### TASK GOAL
The answer should hold only the lines from the one containing "Ruby and Bonnie" through the one containing "Storage Drawers: The" in the entries below, copied exactly, without pictures.

[Stored dataset items]
________

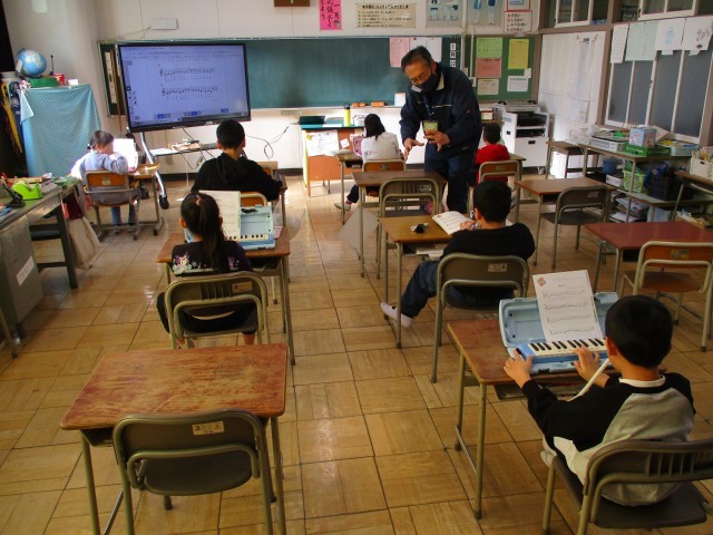 ソプラノリコーダーや鍵盤ハーモニカで合奏しました。
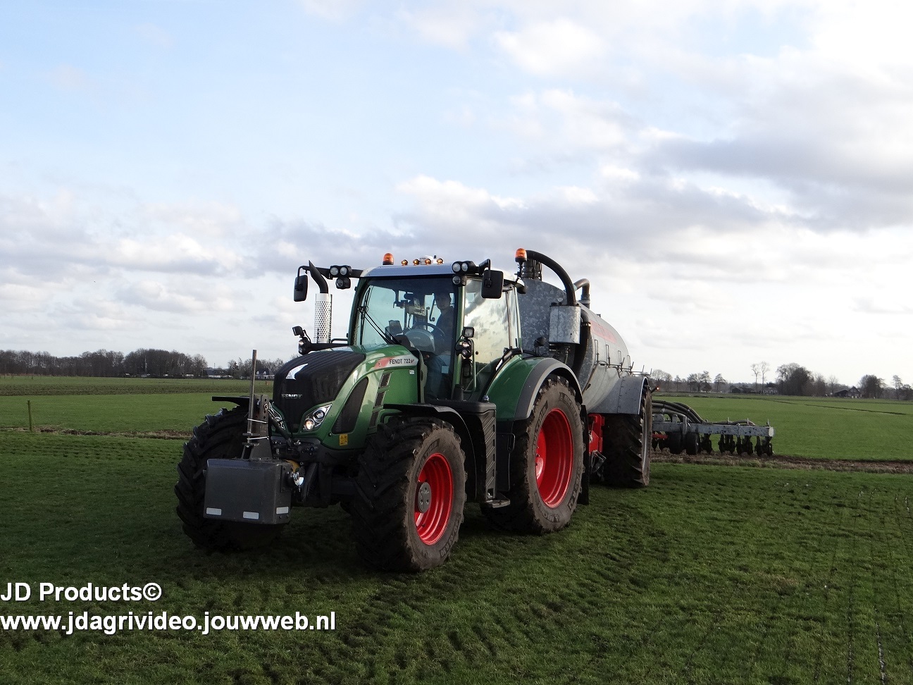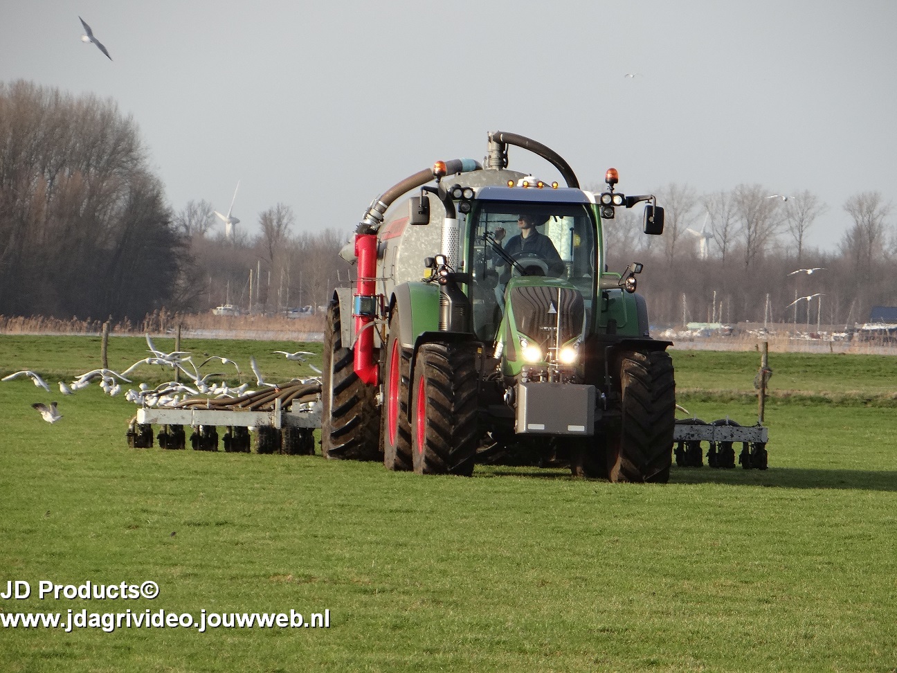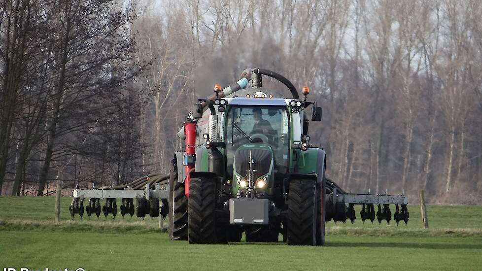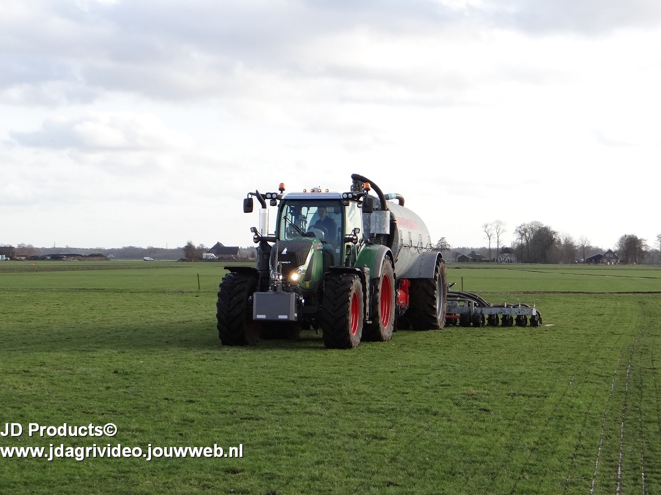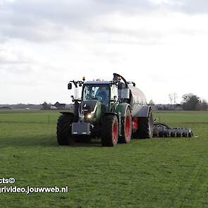 Loonbedrijf Johan Frens uit Hulshorst aan het mest injecteren in Nunspeet met een Fendt 722 met Slootsmid mesttank.
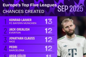 9月份五大聯賽創造機會榜:萊默爾第1,格拉利什第2,佩德里第4
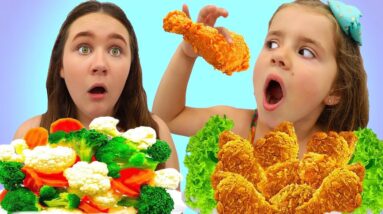 Ruby and Bonnie Pretend Play School & Learn to Eat Healthy food
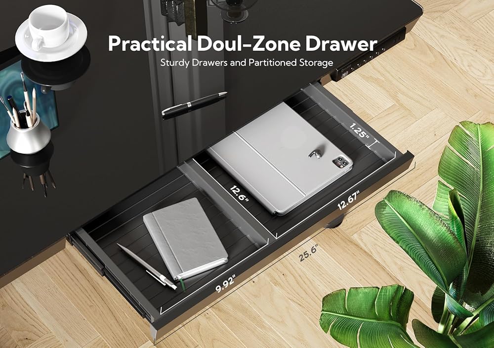 Storage Drawers: The built-in pull-out drawers provide a hidden storage solution for easy desktop organization, giving you more space and less clutter
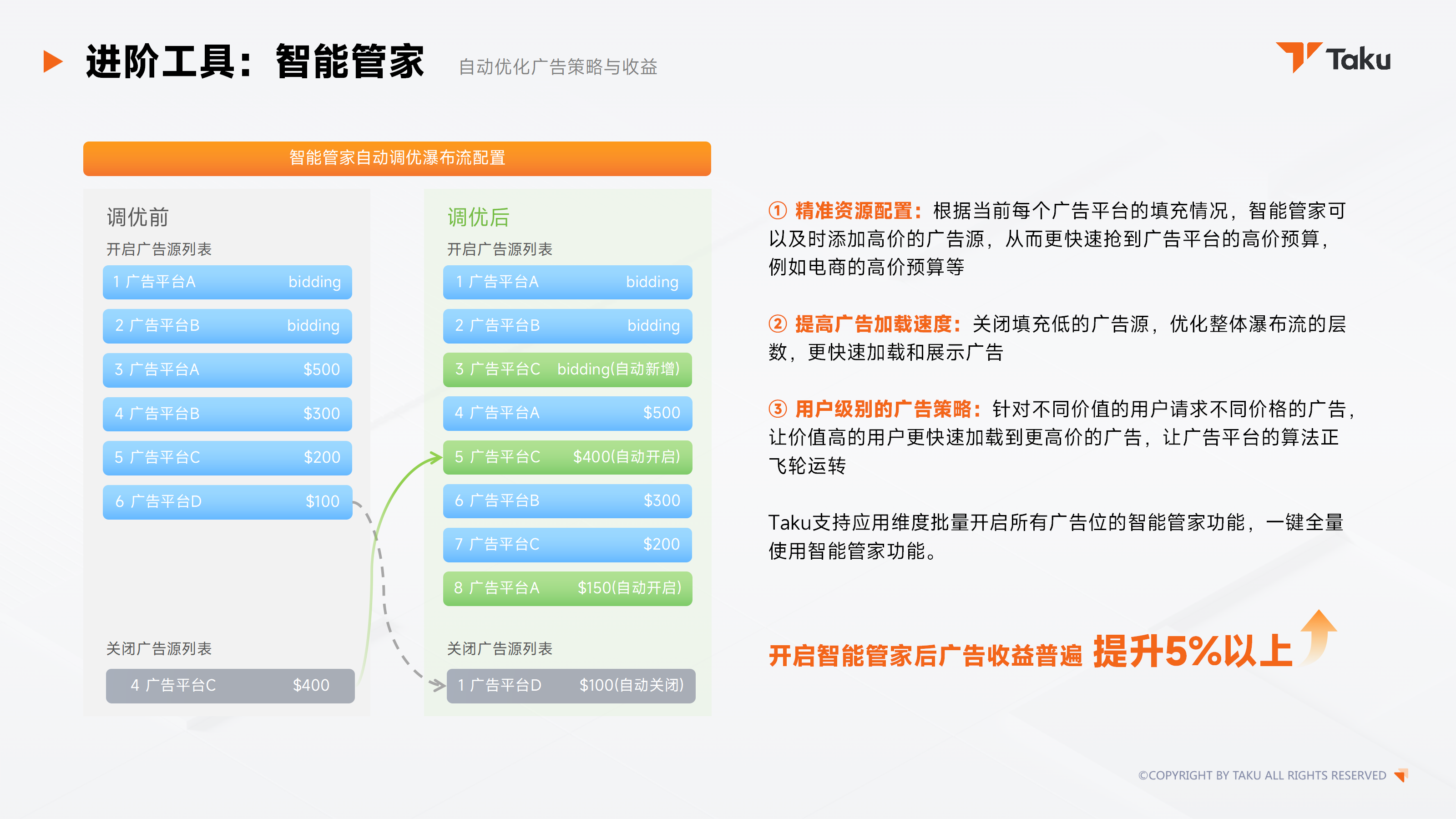 Taku 提供的智能管家工具,能够帮助开发者在激烈的变现角逐中节省更多时间与精力 —— 无需时刻盯盘,数据异常、填充率低等问题可一键解决;更能针对不同价值用户自动匹配广告策略,驱动算法正飞轮持续运转,助力开发者冲刺更高收益峰值。

________

### REPLY TO THE TASK
 Ruby and Bonnie Pretend Play School & Learn to Eat Healthy food
 Storage Drawers: The built-in pull-out drawers provide a hidden storage solution for easy desktop organization, giving you more space and less clutter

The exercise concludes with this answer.